* Exercise instructions
Everything in the records below from the line containing "4. Иванова М." through the line containing "This paper explores" is to be reproduced exactly, those two lines included; no picture is to be copied.

* Data
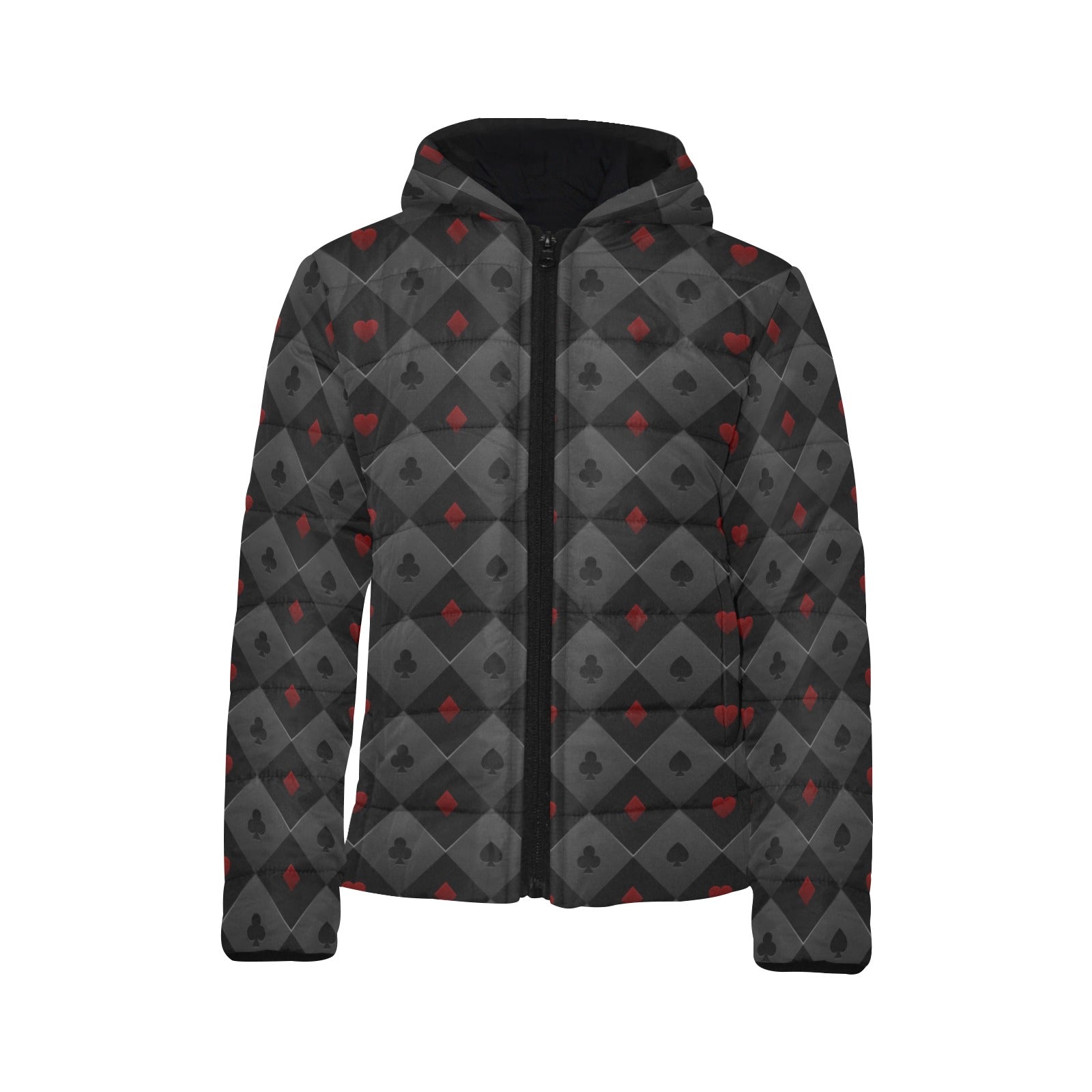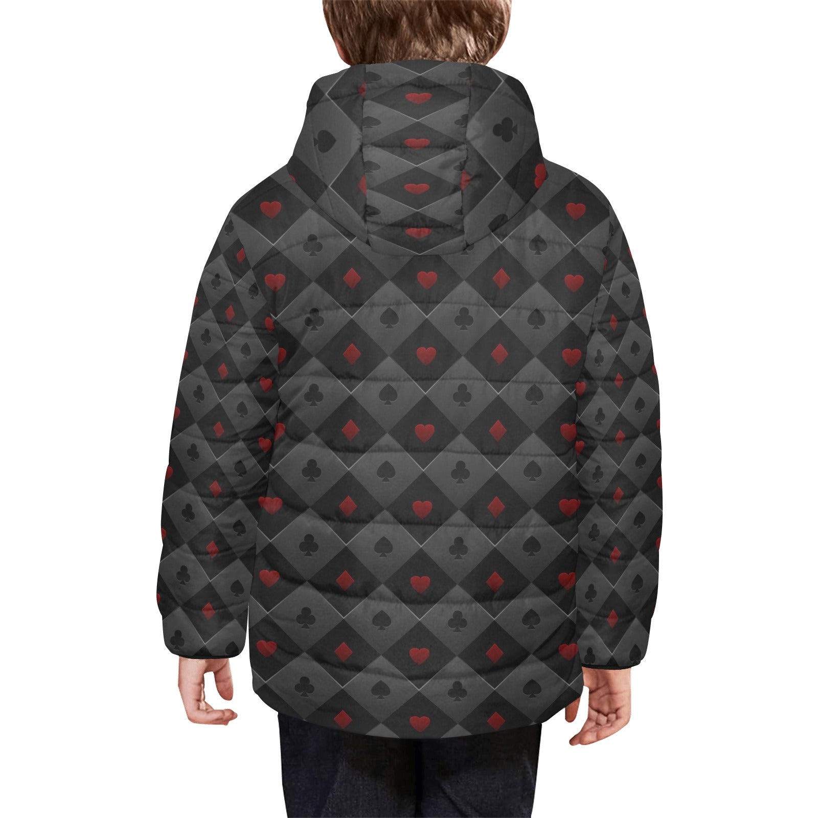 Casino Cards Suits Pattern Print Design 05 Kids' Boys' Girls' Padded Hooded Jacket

---

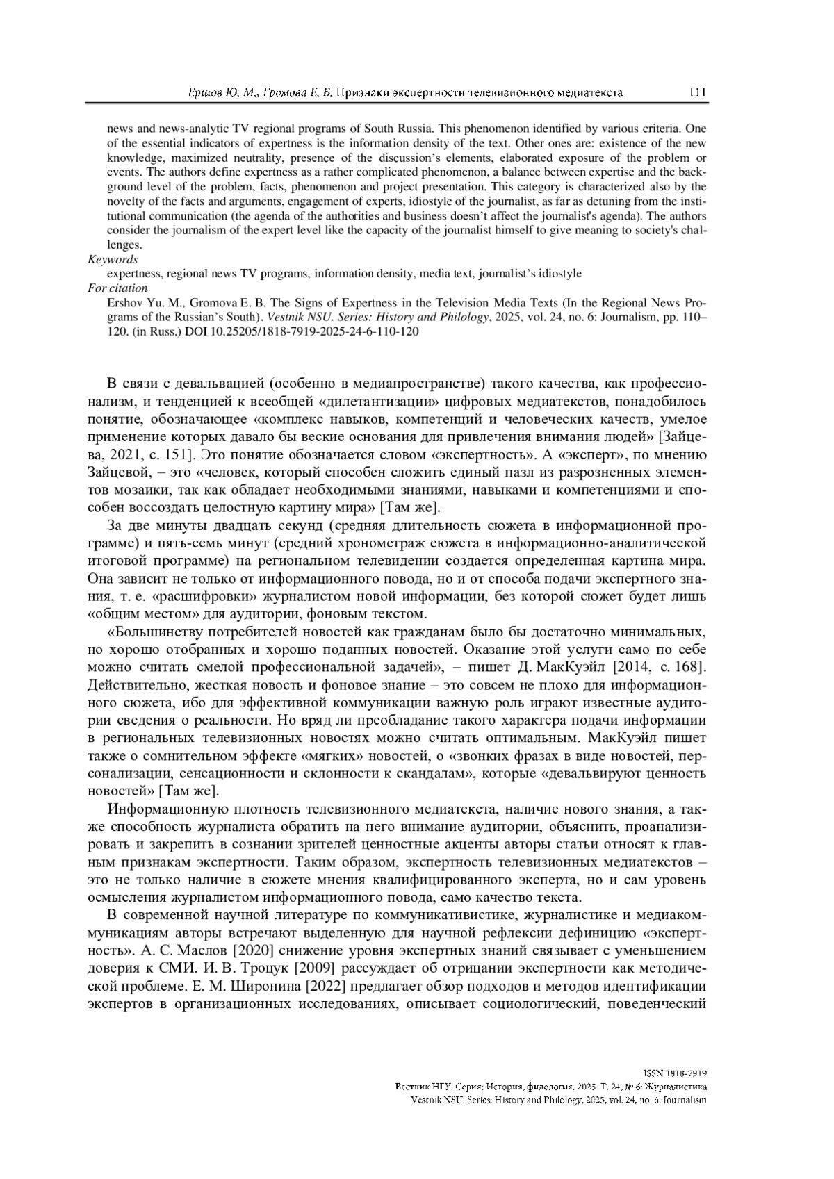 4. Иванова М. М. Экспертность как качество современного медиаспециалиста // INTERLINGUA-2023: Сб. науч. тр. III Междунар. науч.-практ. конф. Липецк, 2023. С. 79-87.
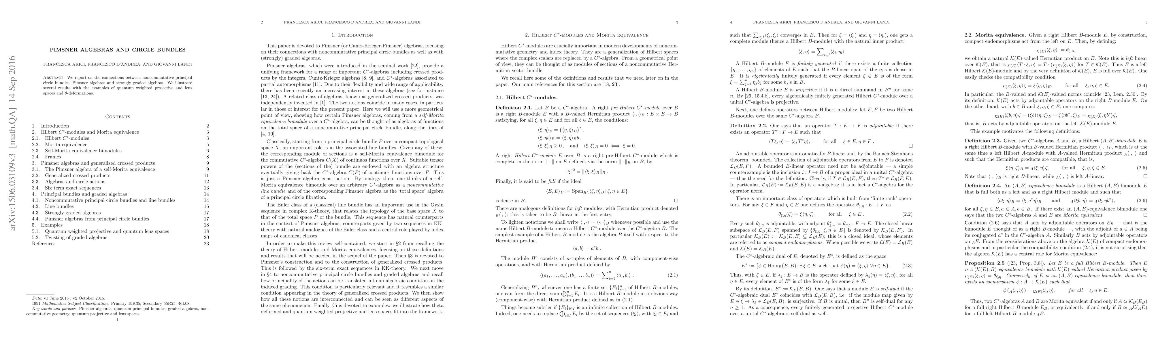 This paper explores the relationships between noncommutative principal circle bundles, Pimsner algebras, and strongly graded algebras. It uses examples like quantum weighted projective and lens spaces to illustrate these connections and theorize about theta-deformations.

==

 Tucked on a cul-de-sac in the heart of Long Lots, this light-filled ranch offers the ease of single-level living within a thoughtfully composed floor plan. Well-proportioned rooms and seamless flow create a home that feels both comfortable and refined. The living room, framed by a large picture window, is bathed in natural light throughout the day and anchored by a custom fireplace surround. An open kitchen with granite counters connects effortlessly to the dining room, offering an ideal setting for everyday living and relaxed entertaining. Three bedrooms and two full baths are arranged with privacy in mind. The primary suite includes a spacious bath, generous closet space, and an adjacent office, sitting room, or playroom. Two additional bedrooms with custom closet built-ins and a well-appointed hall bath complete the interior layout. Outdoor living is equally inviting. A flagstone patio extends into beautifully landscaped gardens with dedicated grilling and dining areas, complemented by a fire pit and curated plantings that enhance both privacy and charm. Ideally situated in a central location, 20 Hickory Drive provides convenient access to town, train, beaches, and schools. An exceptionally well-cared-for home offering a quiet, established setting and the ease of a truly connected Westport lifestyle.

* Answer to the exercise
 4. Иванова М. М. Экспертность как качество современного медиаспециалиста // INTERLINGUA-2023: Сб. науч. тр. III Междунар. науч.-практ. конф. Липецк, 2023. С. 79-87.
 This paper explores the relationships between noncommutative principal circle bundles, Pimsner algebras, and strongly graded algebras. It uses examples like quantum weighted projective and lens spaces to illustrate these connections and theorize about theta-deformations.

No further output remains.